It looks as though the two-storey gallery's current ceiling is being prepped for removal, and a portion of the floor has been removed near the entrance to Sears (to the left in the picture above). There's quite a bit of scaffolding going up in the entire area.


----------



## Bowserm

I was speaking with the head of security this morning, and he told me that no one has mentioned anything official to him. He said he heard the same rumors that we all have, as well as a rumor of a Victoria Secret moving in.... I can see it now..

Going in to pickup a new iPad, and getting a nice view of sexy lingerie at the same time. I will keep everyone updated as I hear more.


----------



## okcomputer

There is also talk of a Forever 21 store. I have no idea what is sold there. My guess would be realty that you have to keep forever.

I'm very excited at the possibility of an Apple store, but I do have to say that the location in the mall and the mall itself seem to be odd choices. Yes, the mall is crazy busy, but I think Mic Mac Mall does better numbers, and is more accessible to a greater number of people, as it is basically on the way into Halifax, or not far out of the way, from everywhere in NS and beyond except if you are coming from the South Shore.

The location in the mall is odd, too, as this is considering the "back" of the mall. The vast majority of customers enter from either level on the other side, though this entrance is closer to the bus stops. Then again, if Apple moves in, it will most likely change the flow of customers and also how people view the mall. That end will become a hot ticket. Haha.


----------



## broad

forever 21 sells crapola clothing that falls apart after you wash it thrice


----------



## Theseus

The rumours are certainly taking hold; we're getting a lot of questions about Lion certification courses as everyone wants to work at the Genius bar.


----------



## chas_m

I hate to rain on Halifax's parade, because I'm sure they are awesome people and I really want to visit there someday, but I really don't think there's an Apple Store going in there. It would be a completely bizarro move on a number of levels for Apple, I just can't see it.

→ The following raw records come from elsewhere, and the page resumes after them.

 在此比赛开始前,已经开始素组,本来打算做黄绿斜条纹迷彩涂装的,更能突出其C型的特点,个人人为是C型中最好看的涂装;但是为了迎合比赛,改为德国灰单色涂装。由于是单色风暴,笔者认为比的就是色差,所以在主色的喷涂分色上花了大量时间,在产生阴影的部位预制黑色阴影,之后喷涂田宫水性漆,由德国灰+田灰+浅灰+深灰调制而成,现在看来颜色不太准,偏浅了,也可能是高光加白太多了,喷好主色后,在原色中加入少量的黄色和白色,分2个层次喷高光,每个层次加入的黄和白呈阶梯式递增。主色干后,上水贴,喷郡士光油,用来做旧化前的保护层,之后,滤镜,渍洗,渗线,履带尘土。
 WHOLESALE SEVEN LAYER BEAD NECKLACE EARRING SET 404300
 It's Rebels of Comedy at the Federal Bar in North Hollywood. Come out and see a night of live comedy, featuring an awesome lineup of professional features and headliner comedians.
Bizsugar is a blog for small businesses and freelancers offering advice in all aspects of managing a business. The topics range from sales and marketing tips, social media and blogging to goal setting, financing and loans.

Sorry, Halifaxmachines.

(that is the term for people from Halifax, right?)


----------



## SINC

chas_m said:


> (that is the term for people from Halifax, right?)


Nope, it's Haligonians.


----------



## broad

chas_m said:


> I hate to rain on Halifax's parade, because I'm sure they are awesome people and I really want to visit there someday, but I really don't think there's an Apple Store going in there. It would be a completely bizarro move on a number of levels for Apple, I just can't see it. Sorry, Halifaxmachines.
> 
> (that is the term for people from Halifax, right?)


i don't know why you are sounding so smug and dismissive about this. KW has an apple store and they have only a few hundred thou more than the halifax/dartmouth and surrounding areas. keep in mind too that there are craploads of university students in NS who are most likely (according to apple anyway) very under-served when it comes to retail/service (i.e. need more geniuses telling students "its cheaper to buy a new machine than fix it" when they spill a little beer on their keyboard)

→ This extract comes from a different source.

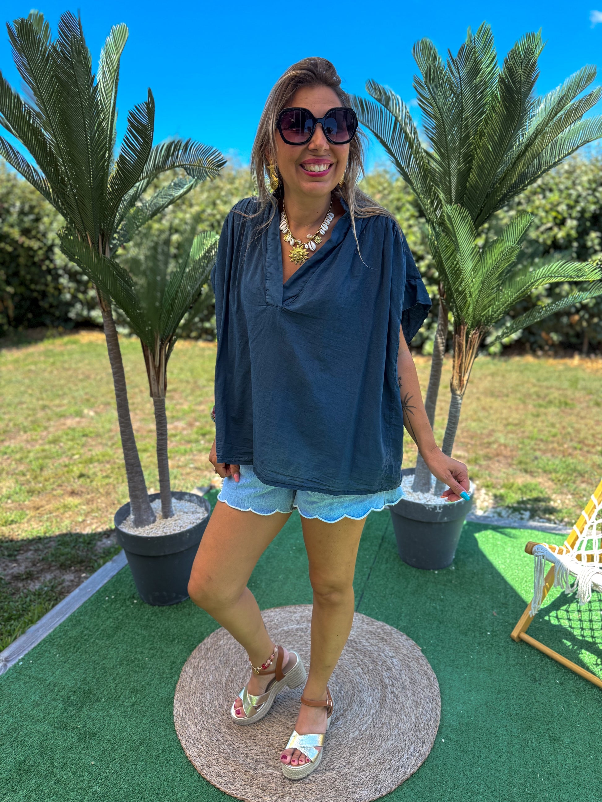 La blouse « Gigi » est la pièce bohème et fluide à adopter pour un été tout en légèreté. On adore sa coupe ample, son col tunisien et ses petits plis discrets aux épaules. Son coloris chocolat ultra tendance s’accorde aussi bien avec un short en jean qu’un pantalon fluide.

i mean...have you ever actually been to nova scotia? i hardly think you're in a position to speculate on trends that might be happening there if you have no knowledge of the area and its makeup


----------



## CubaMark

chas_m, hopefully my opinion isn't coloured by wishful thinking (we *need* a real Apple store in Halifax!)... but what is your reasoning for this being a "bizarro move on a number of levels"?


----------



## lily18

chas_m said:


> I hate to rain on Halifax's parade, because I'm sure they are awesome people and I really want to visit there someday, but I really don't think there's an Apple Store going in there. It would be a completely bizarro move on a number of levels for Apple, I just can't see it. Sorry, Halifaxmachines.
> 
> (that is the term for people from Halifax, right?)

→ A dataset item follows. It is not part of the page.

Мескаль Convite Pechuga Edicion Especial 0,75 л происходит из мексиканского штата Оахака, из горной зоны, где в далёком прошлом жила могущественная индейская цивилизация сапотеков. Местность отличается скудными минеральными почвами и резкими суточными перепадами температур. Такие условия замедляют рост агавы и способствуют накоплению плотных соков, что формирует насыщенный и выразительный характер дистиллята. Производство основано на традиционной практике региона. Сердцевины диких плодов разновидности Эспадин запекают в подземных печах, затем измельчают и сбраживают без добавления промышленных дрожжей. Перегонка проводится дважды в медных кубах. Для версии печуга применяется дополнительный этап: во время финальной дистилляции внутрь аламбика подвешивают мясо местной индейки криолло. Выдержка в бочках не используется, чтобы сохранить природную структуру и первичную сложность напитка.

Yeah, why would it bizarre move? I'm from the maritimes, and if I needed to go to an Apple store, I'd definitely make a weekend trip to Halifax for it. People here regularly make 2, 3, 4 hours drives all the time just for shopping. Bring Apple to Halifax and I'm sure you'd have shoppers coming from all 3 maritime provinces to visit the only Apple store on this coast of the country.


----------



## okcomputer

Laval has a smaller population than Halifax. 

Burnaby has a smaller population (almost half). Richmond is even smaller than Burnaby. 

Burlington is smaller still. As is Pointe-Claire. 

Now, all of these places are able to pull in populations several times their size due to their location, but the Halifax store will serve NS as a whole and NB, PEI, Nfld folks who might make a trip. 

Very far from being a bizarro move, considering this would be the only Apple Store on the East Coast. Your comment is bizarro.


----------



## icetea93

No one should really be surprised that Apple (may) be opening in Halifax. And Apple won't be the only big stores this year. Victoria's Secret is going where Bluenote's is currently, opening by July '12. 

Regarding Forever 21, I believe they are looking at opening where Toys R Us was in Mic Mac Mall.


----------



## okcomputer

I'm starting to believe. There is now a ceiling where the open foyer used to be:

Edit: pics seem small. Will upload larger versions when I get home if need be.


----------



## ehMax

We'll know for sure when they start individual contraction of units and if the black box goes up.


----------



## okcomputer

There is already a wall with a huge decal on it. I should've grabbed a pic. 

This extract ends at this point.